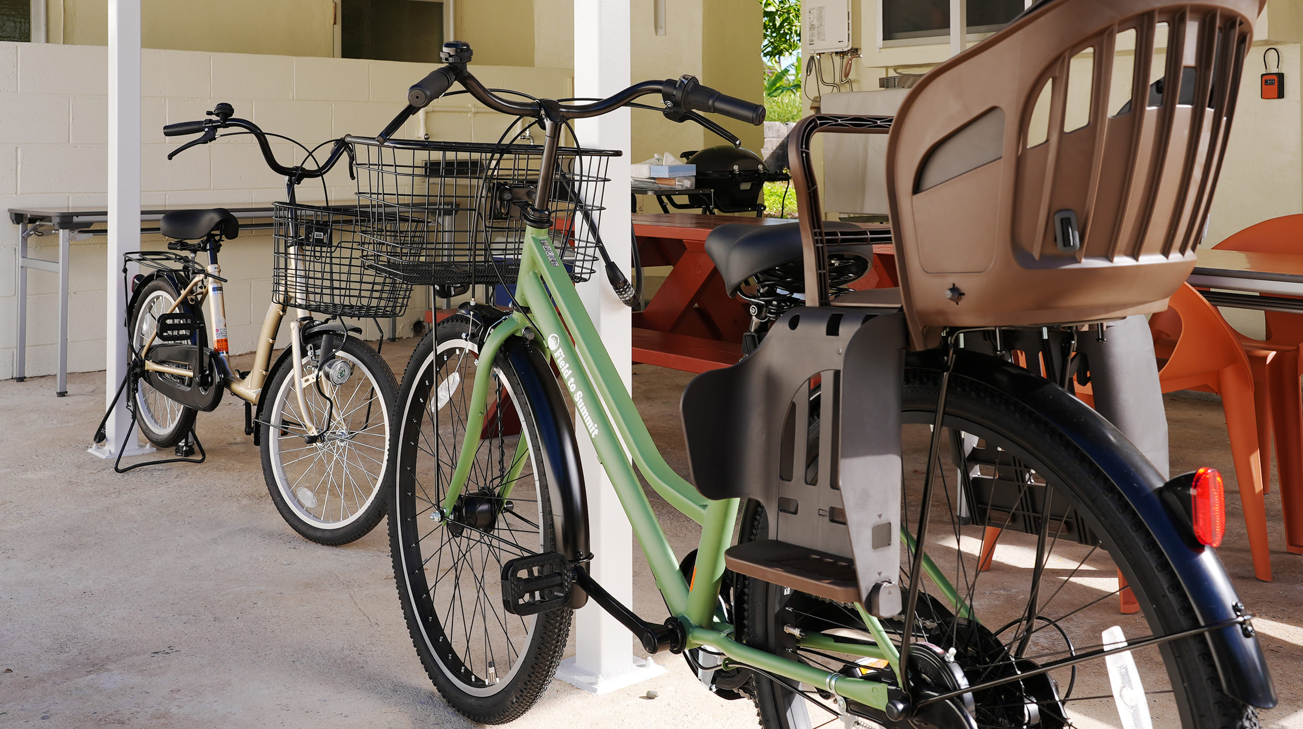 BBQセットを設置。照明もあるので昼・夜BBQも
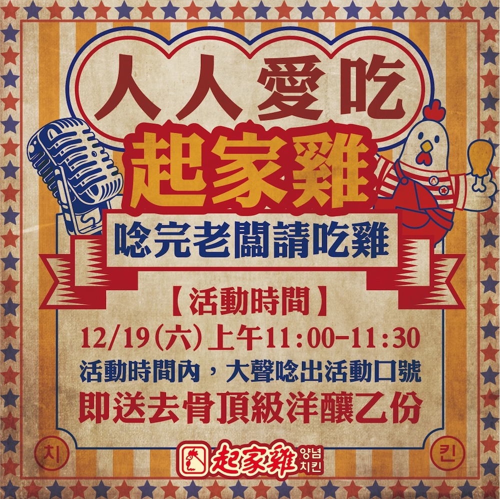活動辦法:30秒內完成指定28字繞口令「人人愛吃起家雞,新鮮雞肉吃得起,寶島市民添口福,唸完老闆請吃雞」就可免費獲得一份人氣的「去骨頂級洋釀」
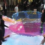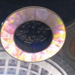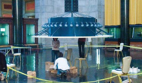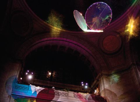 After much analysis of the site conditions and consideration of the theme for the evening—architecture looks forward and back—the students and instructors opted to design a kite that would attach to the existing light fixture in the rotunda’s dome. Made of a 21st-century material, 3M radiant light film CM500, whose properties both reflect and refract light, the kite was affixed to 20th-century lightweight carbon rods manufactured by the kite industry. In turn, the kite was attached by fishing line to the existing center light fixture, cross-lit with a small number of metal halide Altman Spectra PAR lamps and top-lit with the existing center luminaire’s PAR38 lamps. The fishing line also served as the mechanism by which the kite was lowered and raised for installation.
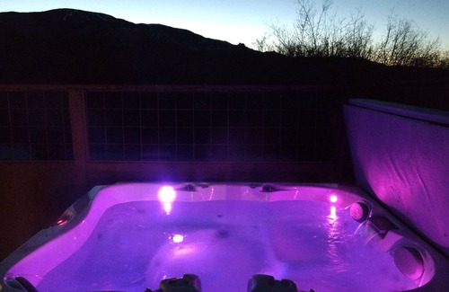 Accommodations include one bedroom with a queen-size log bed and two futons, two full baths, fireplace, hot tub, kitchenette, and a loft with an additional queen bed and a sleeper sofa.
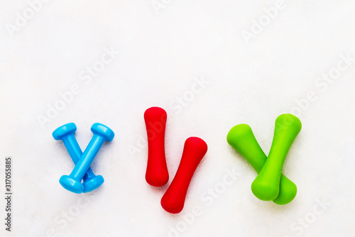 © Laima Gri, Naklejka premium Colorful dumbbells lie on concrete background. The concept of healthy lifestyle. Copy space, top view
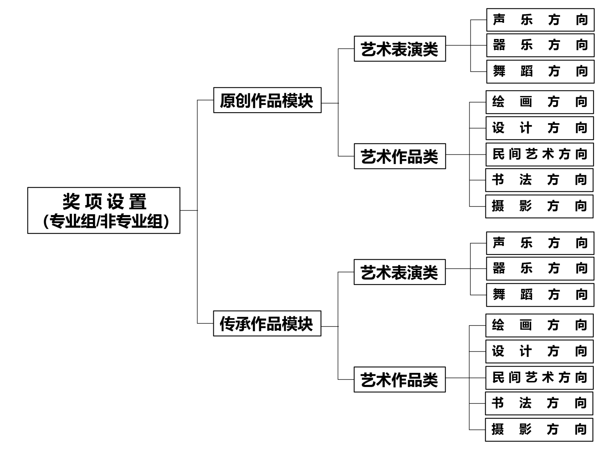 项目分为专业组、非专业两个组别,yl6809永利集团学生为专业组;每组分为原创作品模块和传承作品模块,每模块下设艺术表演类和艺术作品类,各类分为以下具体专业方向:
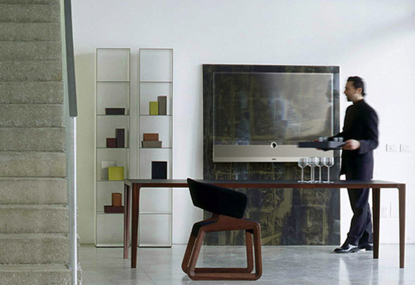 La société Loewe nous propose une grande innovation en termes de téléviseur: Invisio. Comme son nom l’indique ce téléviseur devient quasi invisible lorsqu’il est éteint. Grâce à la technologie Led et à l’affichage Toled, le designer Michael Friebe a réussi à transformer une simple vitre en téléviseur !
━━━━━━━━━━━━━━━━
Activity:
All of the entries above are to be transcribed word for word, with no pictures included.

Response box:
 BBQセットを設置。照明もあるので昼・夜BBQも
活動辦法:30秒內完成指定28字繞口令「人人愛吃起家雞,新鮮雞肉吃得起,寶島市民添口福,唸完老闆請吃雞」就可免費獲得一份人氣的「去骨頂級洋釀」
 After much analysis of the site conditions and consideration of the theme for the evening—architecture looks forward and back—the students and instructors opted to design a kite that would attach to the existing light fixture in the rotunda’s dome. Made of a 21st-century material, 3M radiant light film CM500, whose properties both reflect and refract light, the kite was affixed to 20th-century lightweight carbon rods manufactured by the kite industry. In turn, the kite was attached by fishing line to the existing center light fixture, cross-lit with a small number of metal halide Altman Spectra PAR lamps and top-lit with the existing center luminaire’s PAR38 lamps. The fishing line also served as the mechanism by which the kite was lowered and raised for installation.
 Accommodations include one bedroom with a queen-size log bed and two futons, two full baths, fireplace, hot tub, kitchenette, and a loft with an additional queen bed and a sleeper sofa.
 © Laima Gri, Naklejka premium Colorful dumbbells lie on concrete background. The concept of healthy lifestyle. Copy space, top view
 项目分为专业组、非专业两个组别,yl6809永利集团学生为专业组;每组分为原创作品模块和传承作品模块,每模块下设艺术表演类和艺术作品类,各类分为以下具体专业方向:
 La société Loewe nous propose une grande innovation en termes de téléviseur: Invisio. Comme son nom l’indique ce téléviseur devient quasi invisible lorsqu’il est éteint. Grâce à la technologie Led et à l’affichage Toled, le designer Michael Friebe a réussi à transformer une simple vitre en téléviseur !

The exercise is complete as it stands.